- Problem
Write each line below back out exactly, omitting its pictures.

- The data
+--
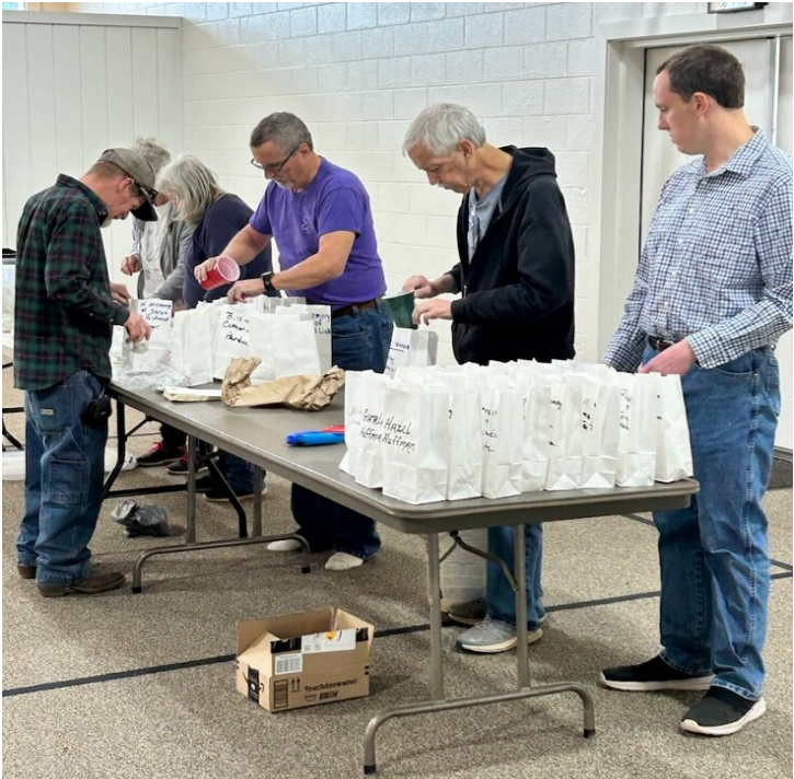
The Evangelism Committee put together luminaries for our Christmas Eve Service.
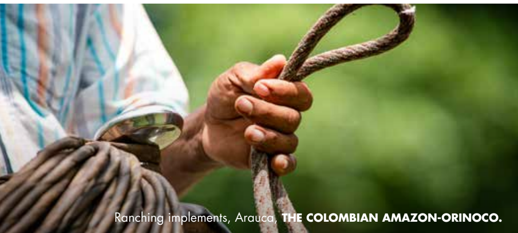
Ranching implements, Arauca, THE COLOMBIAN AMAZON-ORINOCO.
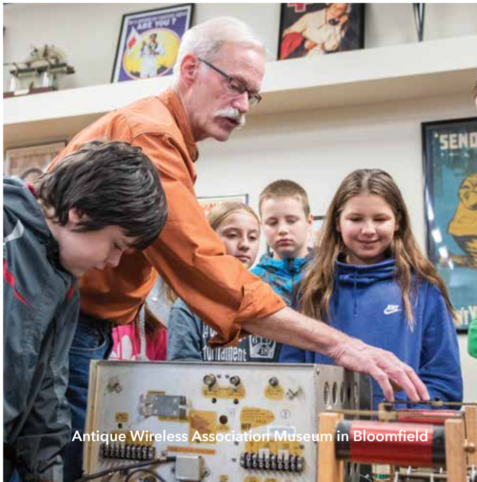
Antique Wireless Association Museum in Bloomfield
+--
- Task answer
The Evangelism Committee put together luminaries for our Christmas Eve Service.
Ranching implements, Arauca, THE COLOMBIAN AMAZON-ORINOCO.
Antique Wireless Association Museum in Bloomfield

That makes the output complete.